MDB_AUTH_URI = "mongodb+srv://" + mongodb_username + ":" + mongodb_password + mongodb_connection_string.replace("mongodb+srv://<username>:<password>", "") + "&tlsAllowInvalidCertificates=true"

print(MDB_AUTH_URI)

mongodb+srv://:&tlsAllowInvalidCertificates=true


## Driver Connection String
We need _some_ way to tell the driver (or shell, or... whatever) _where_ the MongoDB database is hosted. For that, we have the **connection string**, a URI to describe where the mongo database is hosted and how to authenticate against it.

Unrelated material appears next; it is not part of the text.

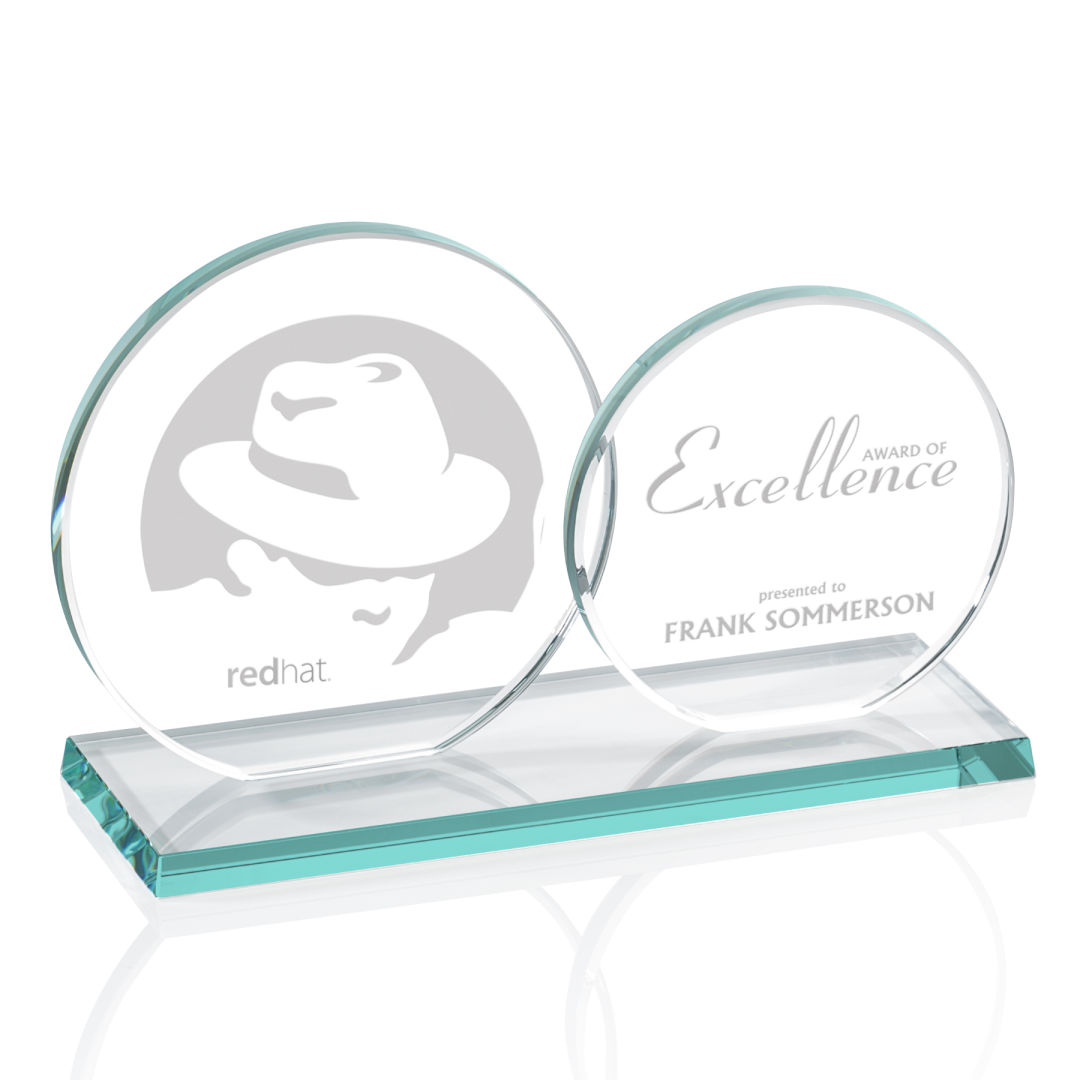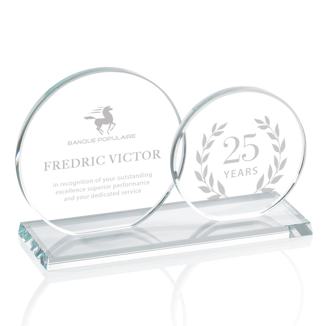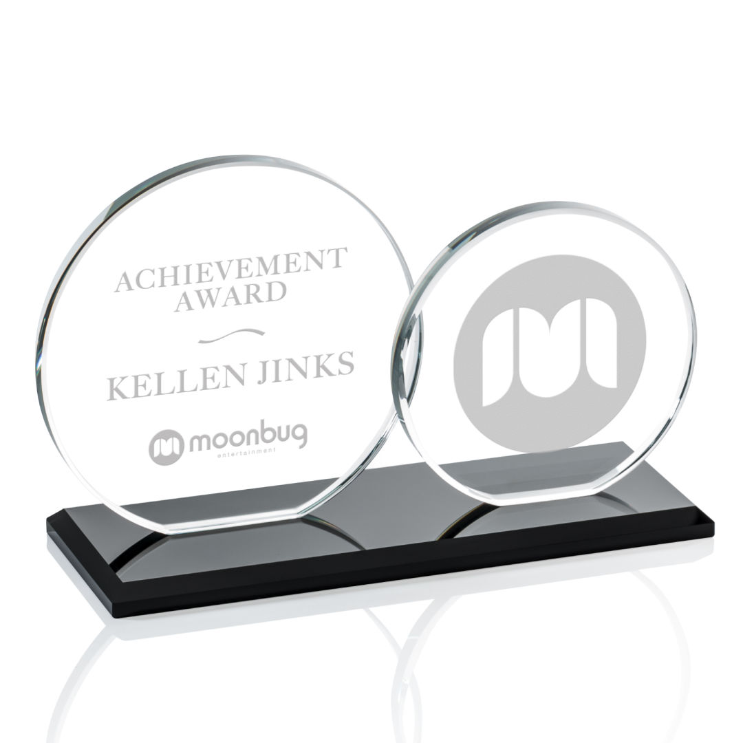 The Double Elgin features two slightly overlapping 3/8″ starfire or jade glass circles (4″ and 5″ in diameter) on a matching clear or colored beveled base. Ideal for messages conveyed as a pair of complementary and perhaps contrasting, pieces of art. 8.0″ W x 5.0″ H

Regardless of the language used, the format of the connection string will be similar. An example is above ^

It has the following components:
- `mongodb+srv` implies that the protocol for communication between the app and the database is the mongodb+srv protocol. That uses DNS lookups to route to the proper MongoDB node.
- `<username>:<password>@` is used for auth
- `devcert.6ngvd.mongodb.net` is the resource identifier for the hosts
- `?retryWrites=true&w=majority` are options for the connection. in this case, retryable writes are turned on and write concern is majority.
- `&tlsAllowInvalidCertificates=true` is another option that **was only added becuase these Jupyter Notebooks are pinned to Python2.8.19 which does not have a valid certificate to authenticate against MongoDB. Don't do it in real life**

the `mongodb+srv` protocol is relatively new and becoming more common, but for educational purposes, let's look at a "traditional" connection string

`mongodb://<username>:<password>@devcert-shard-00-00.6ngvd.mongodb.net:27017,devcert-shard-00-01.6ngvd.mongodb.net:27017,devcert-shard-00-02.6ngvd.mongodb.net:27017/?ssl=true&replicaSet=atlas-vnu7kz-shard-0&authSource=admin&retryWrites=true&w=majority`

Things to note:
- each host and port are exposed when not using the +srv protocol
- more options are required, notably `ssl=true` and `replicaSet=atlas-vnu7kz-shard-0` Both of these options are hidden behind the `+srv` connection string

## Driver Behavior in Contrast to the Shell
Using the shell, a single user expects an interactive experience
An application that uses MongoDB via the driver has much different access patterns:
- oftentimes there are more than 1 user trying to use the application
- interactions with the database are ephemeral

So, the way that drivers are used differ slightly from the shell

Let's take a look at an example of pymongo use to demonstrate this:

In [7]:
client = pymongo.MongoClient(MDB_AUTH_URI)

#the try block
try:
    
    
    db = client['sample_mflix']
    collection = db['movies']
    print(collection.find_one())
    
    
except pymongo.errors.ConnectionFailure as e:
    print("Could not connect to MongoDB:" + str(e))
except Exception as e:
    print("An error occurred:"+ str(e))
finally:
    client.close()


{u'plot': u'A group of bandits stage a brazen train hold-up, only to find a determined posse hot on their heels.', u'genres': [u'Short', u'Western'], u'runtime': 11, u'title': u'The Great Train Robbery', u'num_mflix_comments': 0, u'poster': u'https://m.media-amazon.com/images/M/MV5BMTU3NjE5NzYtYTYyNS00MDVmLWIwYjgtMmYwYWIxZDYyNzU2XkEyXkFqcGdeQXVyNzQzNzQxNzI@._V1_SY1000_SX677_AL_.jpg', u'countries': [u'USA'], u'fullplot': u"Among the earliest existing films in American cinema - notable as the first film that presented a narrative story to tell - it depicts a group of cowboy outlaws who hold up a train and rob the passengers. They are then pursued by a Sheriff's posse. Several scenes have color included - all hand tinted.", u'languages': [u'English'], u'cast': [u'A.C. Abadie', u"Gilbert M. 'Broncho Billy' Anderson", u'George Barnes', u'Justus D. Barnes'], u'directors': [u'Edwin S. Porter'], u'rated': u'TV-G', u'awards': {u'wins': 1, u'nominations': 0, u'text': u'1 win.'}, u'lastupdated': 

In the above code snippet, we use the imported pymongo utility to create a connection to the database that is assigned to the variable `client` by typing `client = pymongo.MongoClient(MDB_AUTH_URI)`

This is an instance of a `MongoClient`, knowing some basic `MongoClient` methods may show up on the certification test.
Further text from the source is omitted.